Slump over the keyboard, weeping in despair, randomly striking keys which unexpectedly reveals a buried Easter Egg (a fully fledged Doom clone). No wonder Excel is so bloated. Search the Microsoft Web site. Search using Google.

Finally, admit defeat and sheepishly ask a (Microsoft Certified) colleague who sneers 'God - don't you even know that ? Place the cursor on the row you want to lock. Hit Windows-Freeze Panes. There you go. Oh no - sorry - you place the cursor on the first row you want to scroll normally.'

Google Spreadsheets

Sort - Fix Header Rows - Freeze 1 row. Screen updated to reflect user action (1 row frozen). Done.

Sometimes, less is more.

John Peel and The Chameleons

Thoroughly enjoying Margave of the Marshes and pleased to see The Chameleons get a mention:

For David Fielding of The Chameleons, that meant loitering outside Broadcasting House in order to press their tape directly into John's paw. In the case of The Chameleons, John thought he was the victim of a practical joke after listening to their demo: the recording was so accomplished that he suspected he had been given a cassette of an established band.

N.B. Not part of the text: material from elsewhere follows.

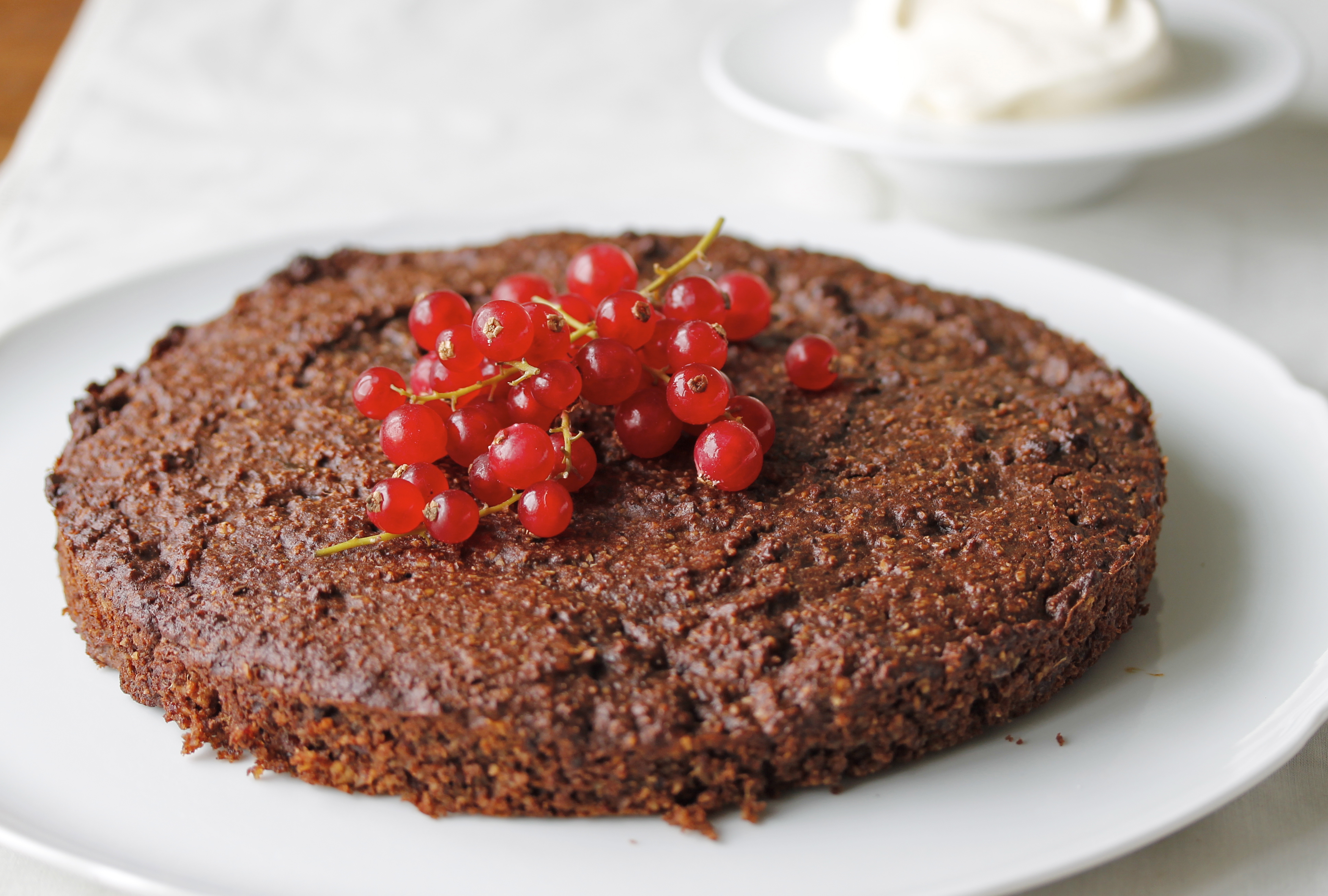 Ég átti rifsber og skreytti kökuna með þeim. En það má alveg eins nota jarðarber, eða sósu – sæta eða ósæta eftir óskum – úr frosnum berjum.

...although this slightly contradicts the note that John Peel sent back to the band where Peel describes the tape as 'Very muffled'.

A few years, when Mark Burgess got married, I made a paltry contribution to a wedding present. A few weeks later, I was staggered to receive an email from Mark Burgess thanking me together with a draft chapter of his (still unpublished) autobiography. Mark also describes travelling down to London and hanging around outside Broadcasting House with a tape.